Санин устал говорить и замолчал. Молчал и Соловейчик, молчало и все кругом, и только, казалось, мерцающие вверху звезды ведут какой-то нескончаемый безмолвный разговор. Вдруг Соловейчик что-то зашептал, и шепот его был странен и жуток.
– Что такое? – вздрогнув, спросил Санин.
– Вы скажите мне, – забормотал Соловейчик, – вы мне скажите, что вы думаете… если человек не знает, куда ему идти, и все думает, все думает, и все страдает, и все ему страшно и непонятно. . может, тому человеку лучше вмереть?

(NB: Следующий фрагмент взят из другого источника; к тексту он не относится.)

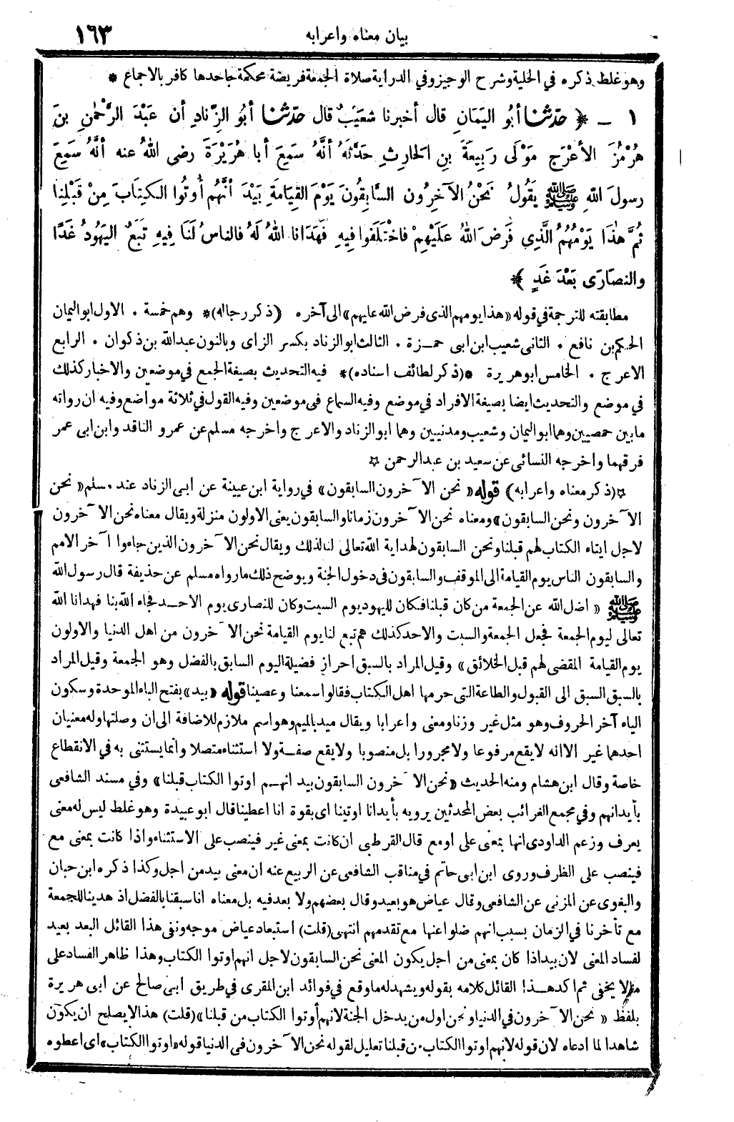 1 - (حَدثنَا أَبُو الْيَمَان قَالَ أخبرنَا شُعَيْب قَالَ حَدثنَا أَبُو الزِّنَاد أَن عبد الرَّحْمَن بن هُرْمُز الْأَعْرَج مولى ربيعَة بن الْحَارِث حَدثهُ أَنه سمع أَبَا هُرَيْرَة رَضِي الله عَنهُ أَنه سمع رَسُول الله - صَلَّى اللَّهُ عَلَيْهِ وَسَلَّم َ - يَقُول نَحن الْآخرُونَ السَّابِقُونَ يَوْم الْقِيَامَة بيد أَنهم أُوتُوا الْكتاب من قبلنَا ثمَّ هَذَا يومهم الَّذِي فرض الله عَلَيْهِم فَاخْتَلَفُوا فِيهِ فهدانا الله لَهُ فَالنَّاس لنا فِيهِ تبع الْيَهُود غَدا وَالنَّصَارَى بعد غَد) مطابقته للتَّرْجَمَة فِي قَوْله " هَذَا يومهم الَّذِي فرض الله عَلَيْهِم " إِلَى آخِره. (ذكر رِجَاله) وهم خَمْسَة. الأول أَبُو الْيَمَان الحكم بن نَافِع. الثَّانِي شُعَيْب ابْن أبي حَمْزَة. الثَّالِث أَبُو الزِّنَاد بِكَسْر الزَّاي وبالنون عبد الله بن ذكْوَان. الرَّابِع الْأَعْرَج. الْخَامِس أَبُو هُرَيْرَة. (ذكر لطائف إِسْنَاده) فِيهِ التحديث بِصِيغَة الْجمع فِي موضِعين والإخبار كَذَلِك فِي مَوضِع والتحديث أَيْضا بِصِيغَة الْإِفْرَاد فِي مَوضِع وَفِيه السماع فِي موضِعين وَفِيه القَوْل فِي ثَلَاثَة مَوَاضِع وَفِيه أَن رُوَاته مَا بَين حمصيين وهما أَبُو الْيَمَان وَشُعَيْب ومدنيين وهما أَبُو الزِّنَاد والأعرج وَأخرجه مُسلم عَن عَمْرو النَّاقِد وَابْن أبي عمر فرقهما وَأخرجه النَّسَائِيّ عَن سعيد بن عبد الرَّحْمَن (ذكر مَعْنَاهُ وَإِعْرَابه) قَوْله " نَحن الْآخرُونَ السَّابِقُونَ " فِي رِوَايَة ابْن عُيَيْنَة عَن أبي الزِّنَاد عِنْد مُسلم " نَحن الْآخرُونَ وَنحن السَّابِقُونَ " وَمَعْنَاهُ نَحن الْآخرُونَ زَمَانا وَالسَّابِقُونَ يَعْنِي الْأَولونَ منزلَة وَيُقَال مَعْنَاهُ نَحن الْآخرُونَ لأجل إيتَاء الْكتاب لَهُم قبلنَا وَنحن السَّابِقُونَ لهداية الله تَعَالَى لنا لذَلِك وَيُقَال نَحن الْآخرُونَ الَّذين جَاءُوا آخر الْأُمَم وَالسَّابِقُونَ النَّاس يَوْم الْقِيَامَة إِلَى الْموقف وَالسَّابِقُونَ فِي دُخُول الْجنَّة ويوضح ذَلِك مَا رَوَاهُ مُسلم عَن حُذَيْفَة قَالَ رَسُول الله - صَلَّى اللَّهُ عَلَيْهِ وَسَلَّم َ - " أضلّ الله عَن الْجُمُعَة من كَانَ قبلنَا فَكَانَ للْيَهُود يَوْم السبت وَكَانَ لِلنَّصَارَى يَوْم الْأَحَد فجَاء الله بِنَا فهدانا الله تَعَالَى ليَوْم الْجُمُعَة فَجعل الْجُمُعَة والسبت والأحد كَذَلِك هم تبع لنا يَوْم الْقِيَامَة نَحن الْآخرُونَ من أهل الدُّنْيَا والأولون يَوْم الْقِيَامَة المقضى لَهُم قبل الْخَلَائق " وَقيل المُرَاد بِالسَّبقِ إِحْرَاز فَضِيلَة الْيَوْم السَّابِق بِالْفَضْلِ وَهُوَ الْجُمُعَة وَقيل المُرَاد بِالسَّبقِ السَّبق إِلَى الْقبُول وَالطَّاعَة الَّتِي حرمهَا أهل الْكتاب فَقَالُوا سمعنَا وعصينا قَوْله " بيد " بِفَتْح الْبَاء الْمُوَحدَة وَسُكُون الْيَاء آخر الْحُرُوف وَهُوَ مثل غير وزنا وَمعنى وإعرابا وَيُقَال ميد بِالْمِيم وَهُوَ اسْم ملازم للإضافة إِلَى أَن وصلتها وَله مَعْنيانِ أَحدهمَا غير إِلَّا أَنه لَا يَقع مَرْفُوعا وَلَا مجرورا بل مَنْصُوبًا وَلَا يَقع صفة وَلَا اسْتثِْنَاء مُتَّصِلا وَإِنَّمَا يسْتَثْنى بِهِ فِي الِانْقِطَاع خَاصَّة وَقَالَ ابْن هِشَام وَمِنْه الحَدِيث " نَحن الْآخرُونَ السَّابِقُونَ بيد أَنهم أُوتُوا الْكتاب قبلنَا " وَفِي مُسْند الشَّافِعِي بأيد أَنهم وَفِي مجمع الغرائب بعض الْمُحدثين يرويهِ بأيدانا أوتينا أَي بِقُوَّة إِنَّا أعطينا قَالَ أَبُو عُبَيْدَة وَهُوَ غلط لَيْسَ لَهُ معنى يعرف وَزعم الدَّاودِيّ أَنَّهَا بِمَعْنى على أَو مَعَ قَالَ الْقُرْطُبِيّ إِن كَانَت بِمَعْنى غير فينصب على الِاسْتِثْنَاء وَإِذا كَانَت بِمَعْنى مَعَ فينصب على الظّرْف وروى ابْن أبي حَاتِم فِي مَنَاقِب الشَّافِعِي عَن الرّبيع عَنهُ أَن معنى بيد من أجل وَكَذَا ذكره اب

– Что ж, – нахмурившись в темноте, сказал Санин, ясно и остро понимая то, что невидимо тянулось к нему из темной души еврейчика. – Пожалуй, лучше умереть… Нет смысла страдать, а жить вечно все равно никто не будет. Жить надо только тому, кто в самой жизни видит уже приятное. А страдающим – лучше умереть.
– Вот и я так себе думал! – с силой вскрикнул Соловейчик и вдруг цепко схватил Санина за руку.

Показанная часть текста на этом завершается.